* **Exercise requirements**: The output should hold exactly, and only, the lines from the line bearing "El acto comenzó" through the last line of the listing below, and no pictures.

*** Given material Section Begins ***

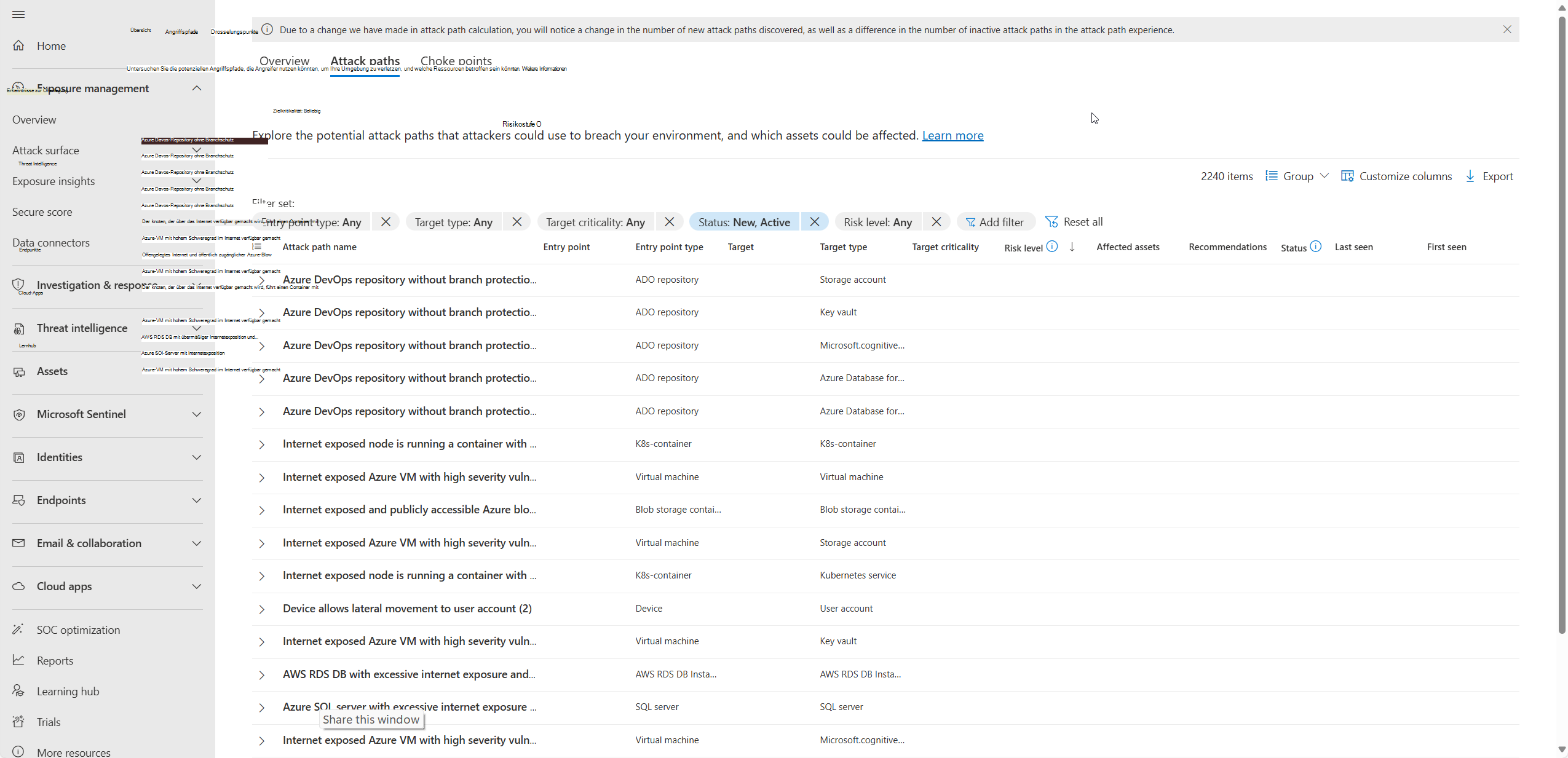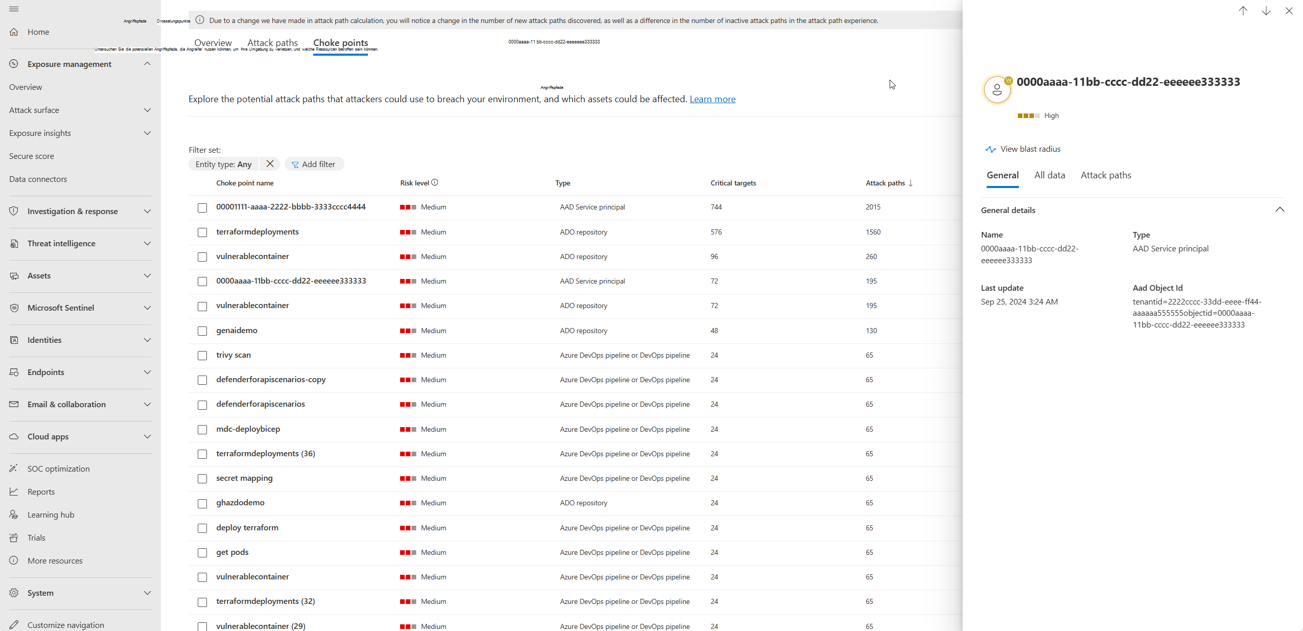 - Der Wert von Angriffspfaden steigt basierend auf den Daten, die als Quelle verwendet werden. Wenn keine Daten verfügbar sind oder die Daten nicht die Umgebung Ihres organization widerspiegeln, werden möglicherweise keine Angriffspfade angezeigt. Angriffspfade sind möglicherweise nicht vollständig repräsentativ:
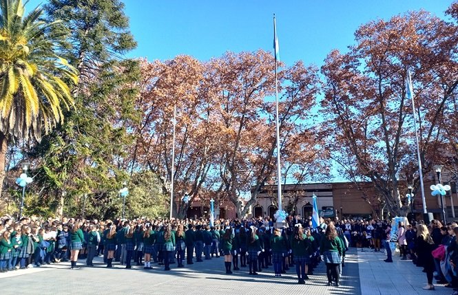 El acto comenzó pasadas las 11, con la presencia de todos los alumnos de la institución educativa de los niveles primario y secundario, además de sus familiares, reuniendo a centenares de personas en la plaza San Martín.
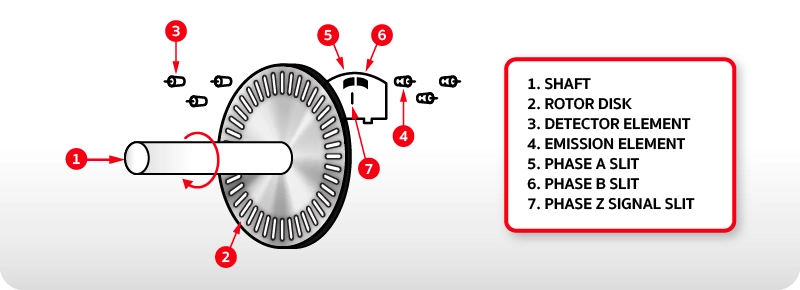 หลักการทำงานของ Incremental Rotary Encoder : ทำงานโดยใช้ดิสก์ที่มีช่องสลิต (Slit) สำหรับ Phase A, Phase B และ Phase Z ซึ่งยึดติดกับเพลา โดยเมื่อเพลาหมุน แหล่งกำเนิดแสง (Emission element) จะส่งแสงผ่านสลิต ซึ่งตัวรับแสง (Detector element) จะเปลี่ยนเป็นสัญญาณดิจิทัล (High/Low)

*** Given material Section Ends ***

* **Result of this exercise**:
 El acto comenzó pasadas las 11, con la presencia de todos los alumnos de la institución educativa de los niveles primario y secundario, además de sus familiares, reuniendo a centenares de personas en la plaza San Martín.
 หลักการทำงานของ Incremental Rotary Encoder : ทำงานโดยใช้ดิสก์ที่มีช่องสลิต (Slit) สำหรับ Phase A, Phase B และ Phase Z ซึ่งยึดติดกับเพลา โดยเมื่อเพลาหมุน แหล่งกำเนิดแสง (Emission element) จะส่งแสงผ่านสลิต ซึ่งตัวรับแสง (Detector element) จะเปลี่ยนเป็นสัญญาณดิจิทัล (High/Low)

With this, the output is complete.